**Data excerpt:**
%%
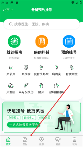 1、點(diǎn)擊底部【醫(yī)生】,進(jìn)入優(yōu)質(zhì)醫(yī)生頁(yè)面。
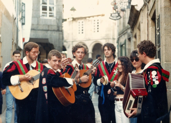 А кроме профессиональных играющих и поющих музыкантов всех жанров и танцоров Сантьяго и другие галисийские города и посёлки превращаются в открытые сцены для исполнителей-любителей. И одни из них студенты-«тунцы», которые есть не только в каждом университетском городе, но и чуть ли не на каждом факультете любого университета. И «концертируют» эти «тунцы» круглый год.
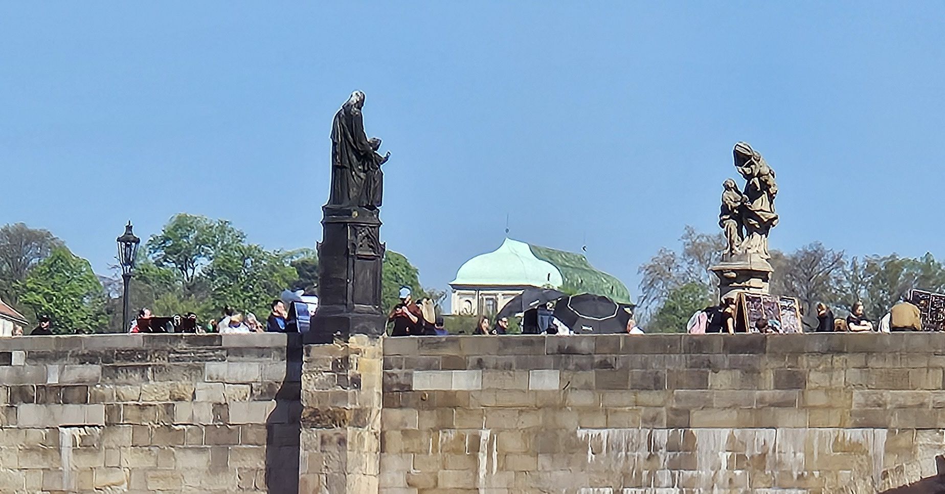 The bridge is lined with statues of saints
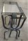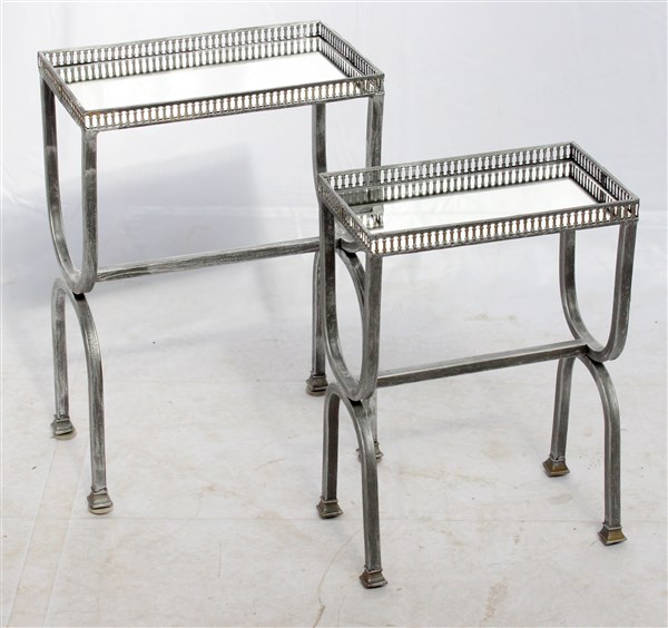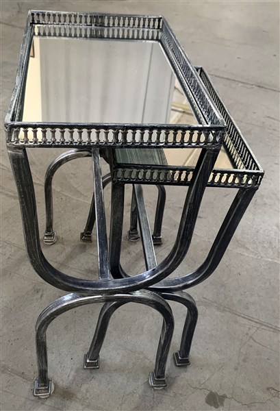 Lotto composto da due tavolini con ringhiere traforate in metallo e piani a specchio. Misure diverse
%%
**Try it:** Your task is to set down each line above verbatim while excluding the pictures.

**Result below:**
 1、點(diǎn)擊底部【醫(yī)生】,進(jìn)入優(yōu)質(zhì)醫(yī)生頁(yè)面。
 А кроме профессиональных играющих и поющих музыкантов всех жанров и танцоров Сантьяго и другие галисийские города и посёлки превращаются в открытые сцены для исполнителей-любителей. И одни из них студенты-«тунцы», которые есть не только в каждом университетском городе, но и чуть ли не на каждом факультете любого университета. И «концертируют» эти «тунцы» круглый год.
 The bridge is lined with statues of saints
 Lotto composto da due tavolini con ringhiere traforate in metallo e piani a specchio. Misure diverse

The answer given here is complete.